# Cam Adjuster Seals replacement for 2001 Passat V6 4Motion



## pkvelasquez (Sep 28, 2009)

Hi, guys,
My babied 2001 Passat V6 (4Motion) (2.8?) with 80K miles has been emitting a mild burning smell into the cabin when the heat's on outside vent. The VW dealer just looked at it & told me oil is leaking onto the base of the car. Quoted me *$1000 TO REPLACE CAM ADJUSTER SEALS*.

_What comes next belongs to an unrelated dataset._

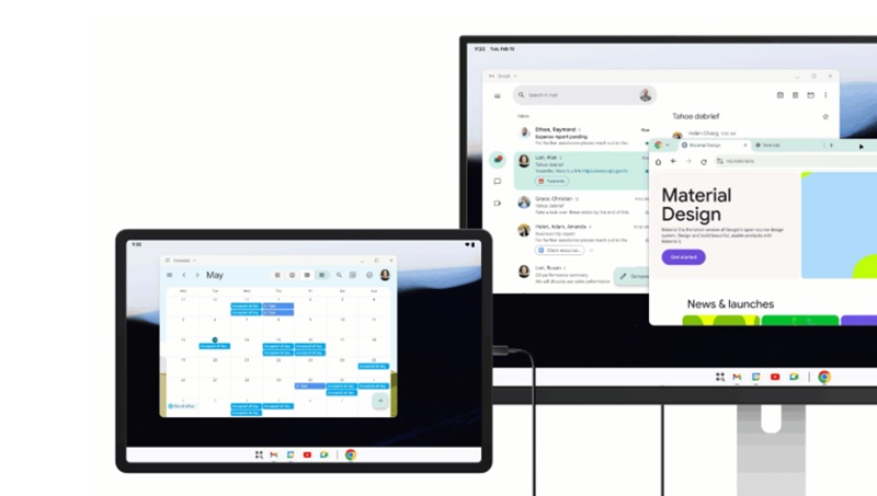 Un detaliu interesant este acela că experiența desktop se extinde și pe tabletele Pixel, dar nu și pe pliabile. Pe o tabletă sesiunea desktop se poate extinde pe ambele display-uri (tabletă + monitor) și poți muta elemente de pe un ecran spre altul, fiind oferit un spațiu de lucru unificat.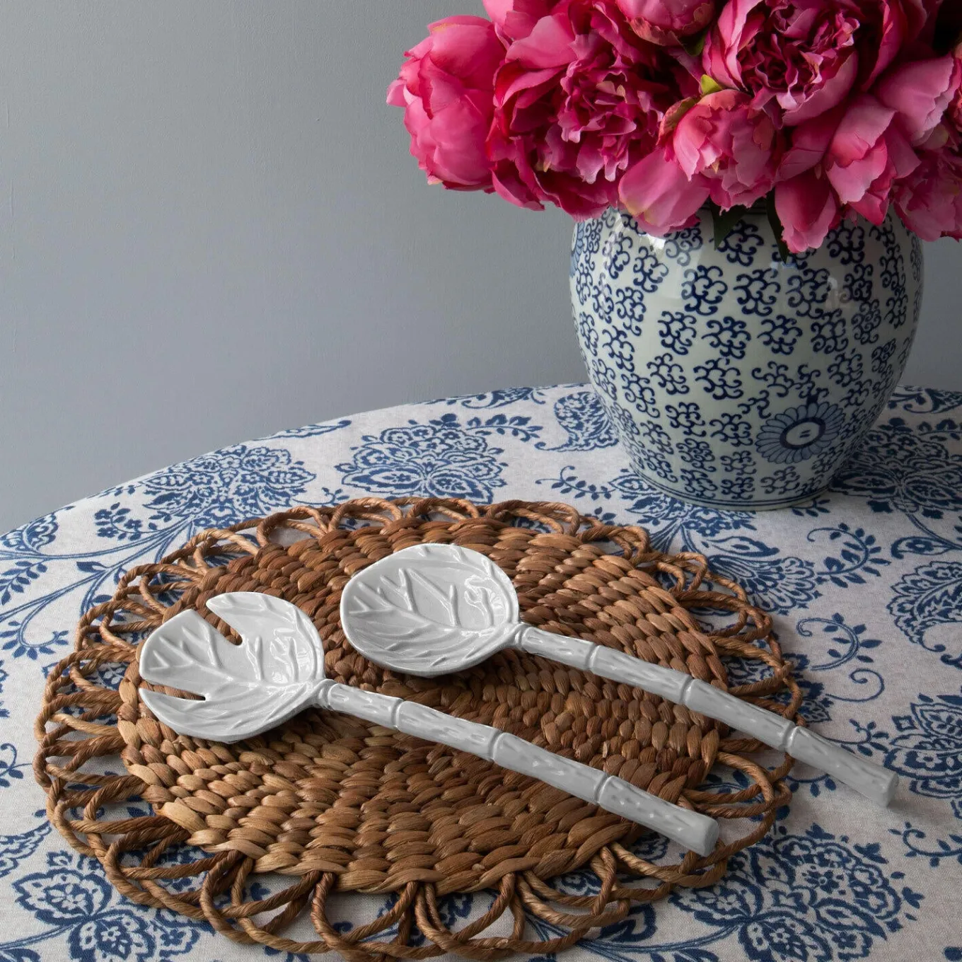 A garden delight in luxury melamine. With intricate detailed leaves as the salad fork and spoon, and naturalistic branches as handles, these VIDA Lettuce Large Salad Servers (White) are a great addition to any bowl. A natural when paired with Beatriz Ball’s luscious Lettuce Bowls. A lovely gift for the foodie in your life. Dishwasher safe (top rack), heavy-weight, food safe, BPA and PABA free.

My husband & I think that sounds way high - are we right?
I'm going to price out having a reputable foreign auto repairshop do the job. Do any of you know any good ones in the Boston area? Do you have a ballpark of what it should cost within a $200 range (in Boston)? Should I have them check and/or replace any other parts in the same location while they're in there? Any advice would be much appreciated.


----------



## StinkyDogVWPorsche (Sep 15, 2009)

*Re: Cam Adjuster Seals replacement for 2001 Passat V6 4Motion (pkvelasquez)*

If your engine is a 30v, which it sounds like it is, the cam adjuster seals on these are notorious leakers. They are metal seals with some sort of goo (lack of a better word) on them. There is also a silicone 1/2 moon that goes between the head & seal. Each head is a twin cam with a chain that connects/times each cam run by a single pulley run by the timing belt. To replace he seals there is a special tool which compresses the tensioner so the guide rail is not broken, and it allows slack on the chain. After the tensioner is compressed, one cam can be retarded (or advanced - I forget) slightly so the chain has a little more slack. With the chain loose, the tensioner is unbolted, and then can be lifted enough to remove the seal & 1/2 moon. There is an alignment pin on the head, so the seal has to be properly aligned when reinstalling. Then after the tensioner is reinstalled, properly torqued and the cams are reset, this has to be done on the other side of the engine! I have done a ton of these, and it has become second nature to me.
I am sorry for the long winded explanation, but it is an expensive job. You could trust anyone to do it to save a few hundred $$$, but I would make sure they have experience doing this. You bought a good car, take care of it, and it will be a good car for many years.
Or....you could just keep adding oil, and sell it the way it is to the next guy. That will only cost you a few dollars and the constant smell of burning oil between oil changes!








Good luck.


----------



## Colette (Jul 19, 2011)

*Colette*

I know you haven't posted for over 2 years, but it sounds like you know about cam chains. I had my 80k mile tune-up on my 2001 Passat AWD in late March, and my value cover gaskets and cam adjuster seals were found to be leaking. They were removed and replaced. Two months later, I was driving along a city street and heard an absolutely horrible sound. I got through the intersection, stopped my car, and called a tow truck to take my car to the VW dealership where I'd bought my car. They told me my cam chain had "slipped" and that it had totally destroyed my engine. I was distraught but decided to buy a used, 80k mi. engine rather than trash the car, because I love this car. Long story short, it has cost me $7,000 in engine and labor to do so. Just tonight I happened to get out my work order for the 80k tune-up and just now remembered, when I saw it, that cam adjuster seals were involved. Do you think this work had anything to do with my cam chain slipping and ruining my engine? My brother, a lifetime VW and now Mercedes owner, said, when this all happened, that 80k miles for a cam chain to slip is practically unheard of, and he was shocked. He said no one even checks a cam chain until at least 100k miles. I treat my car like a baby, have driven it very granny-like and am always on time with its oil changes and tune-ups. Now my new used engine, only a few weeks old, is starting to have minor problems. I am devastated. I would love a reply. Thanks.


----------



## ajcascio (Jan 11, 2006)

Colette said:


> My brother, a lifetime VW and now Mercedes owner, said, when this all happened, that 80k miles for a cam chain to slip is practically unheard of, and he was shocked. He said no one even checks a cam chain until at least 100k miles. I treat my car like a baby, have driven it very granny-like and am always on time with its oil changes and tune-ups. Now my new used engine, only a few weeks old, is starting to have minor problems. I am devastated. I would love a reply. Thanks.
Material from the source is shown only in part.